--- GIVEN DATA ---
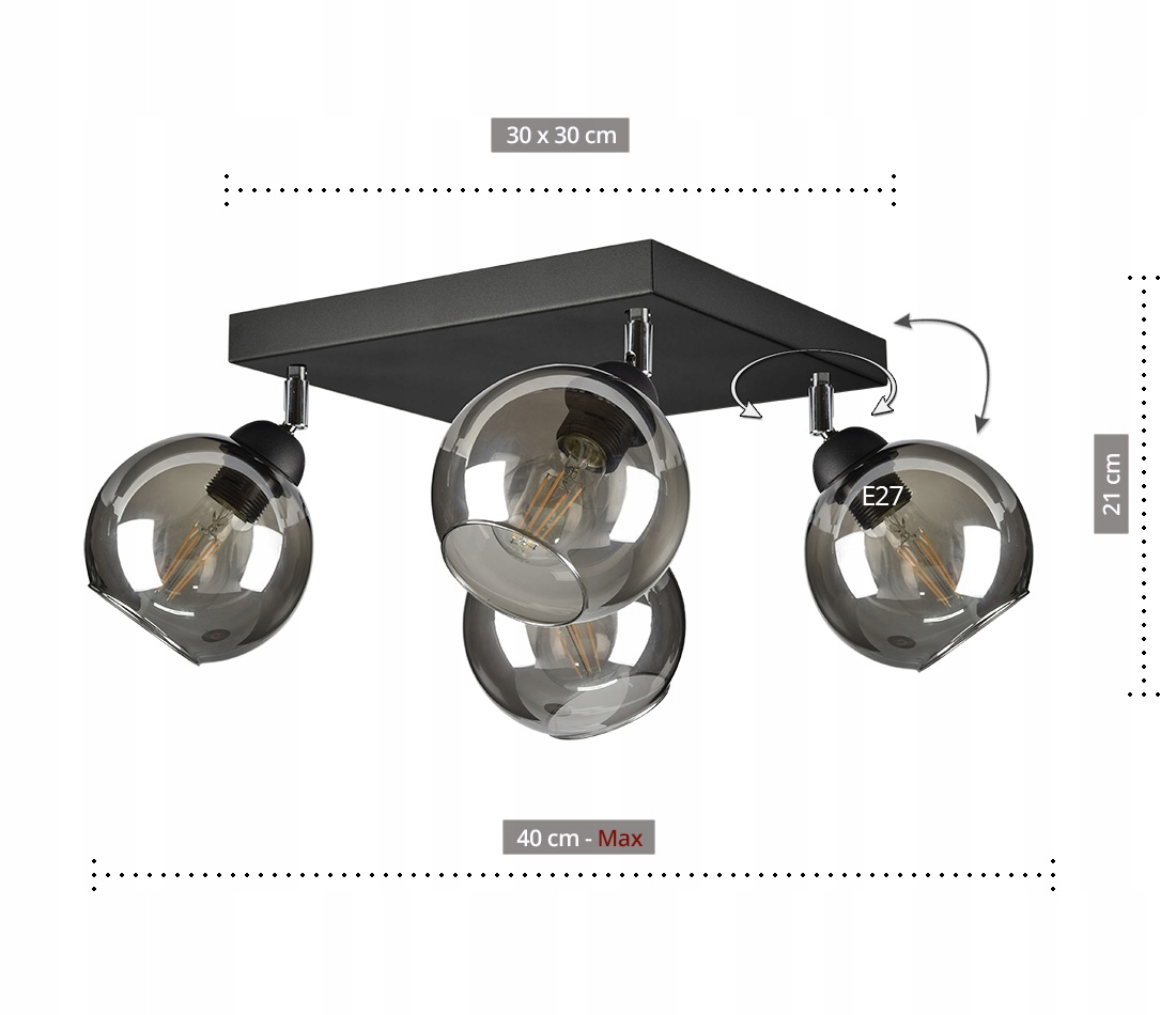- Źródło światła: E-27 - zalecane LED lub świetlówki kompaktowe
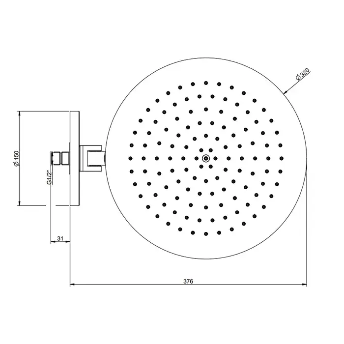 Размер верхнего душа, см
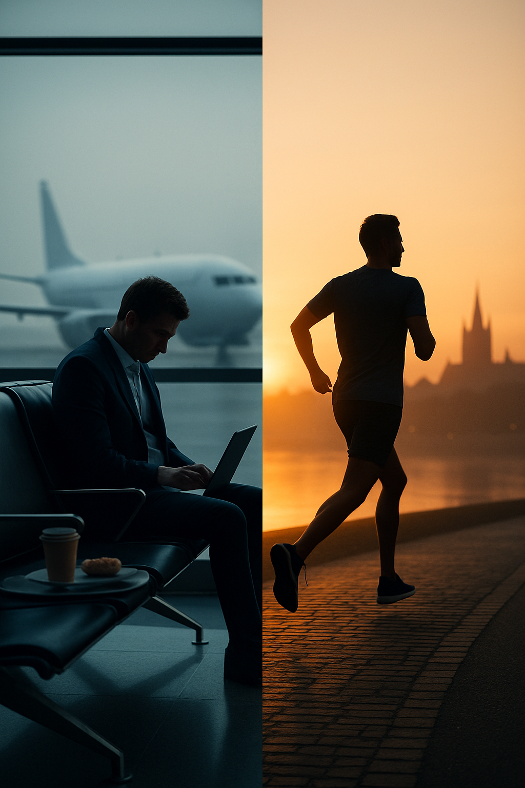 Airport → city → run. Testing [Brand/Product] where training actually happens on the road.
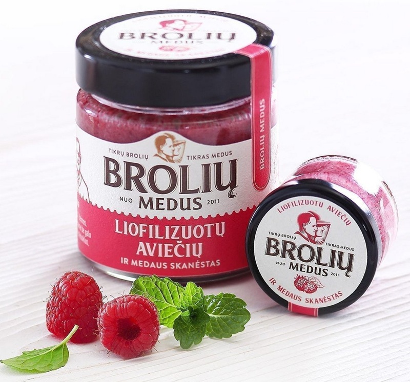 - 200 gramų medaus su liofilizuotomis avietėmis;
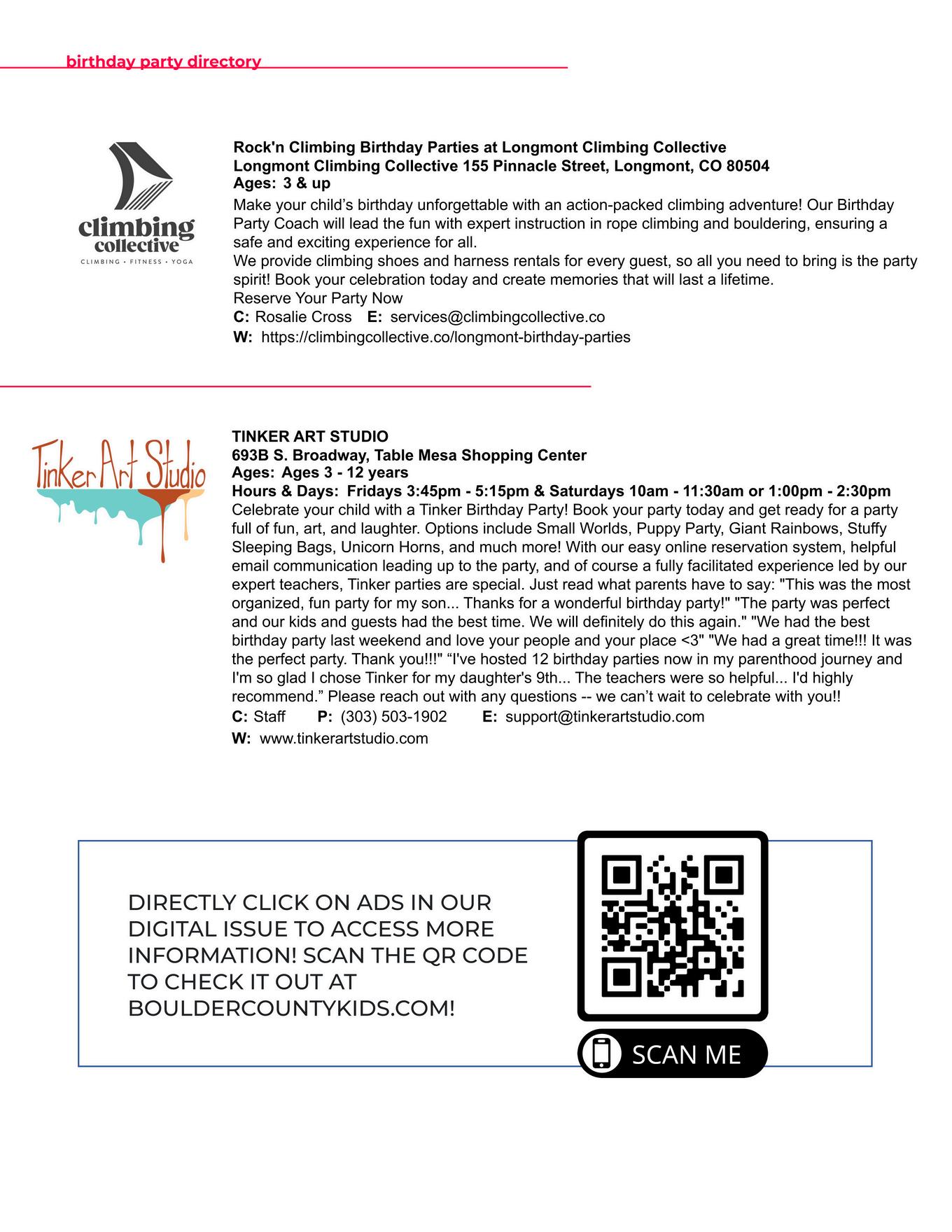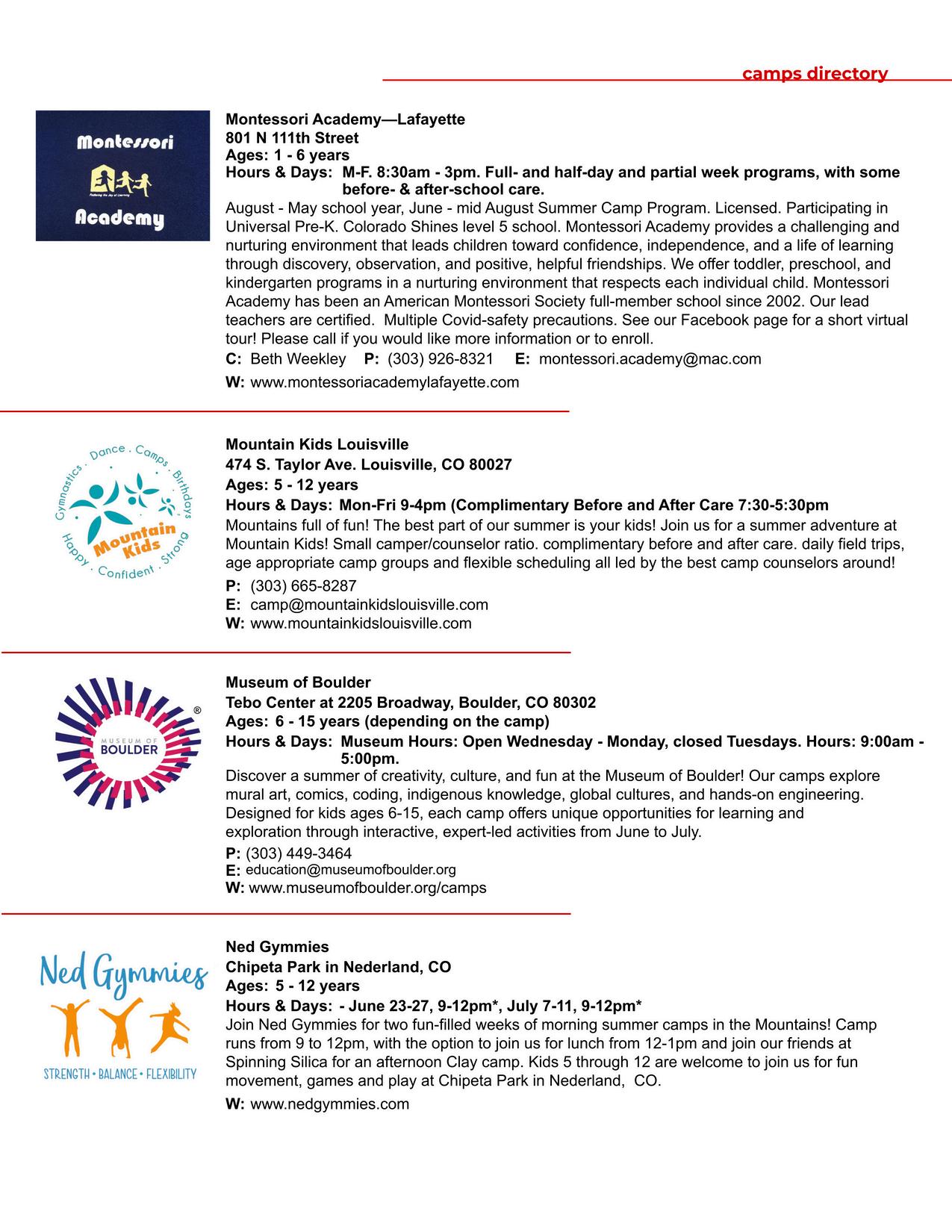 Want to get noticed in a magazine that distribute thousands of copies to hundreds of locations throughout Boulder County? Email us at advertising@ bouldercountykids com

--- DIRECTIONS ---
From the first line to the last, copy the records exactly and skip the pictures.

--- REPLY TO THE EXERCISE ---
- Źródło światła: E-27 - zalecane LED lub świetlówki kompaktowe
 Размер верхнего душа, см
 Airport → city → run. Testing [Brand/Product] where training actually happens on the road.
 - 200 gramų medaus su liofilizuotomis avietėmis;
 Want to get noticed in a magazine that distribute thousands of copies to hundreds of locations throughout Boulder County? Email us at advertising@ bouldercountykids com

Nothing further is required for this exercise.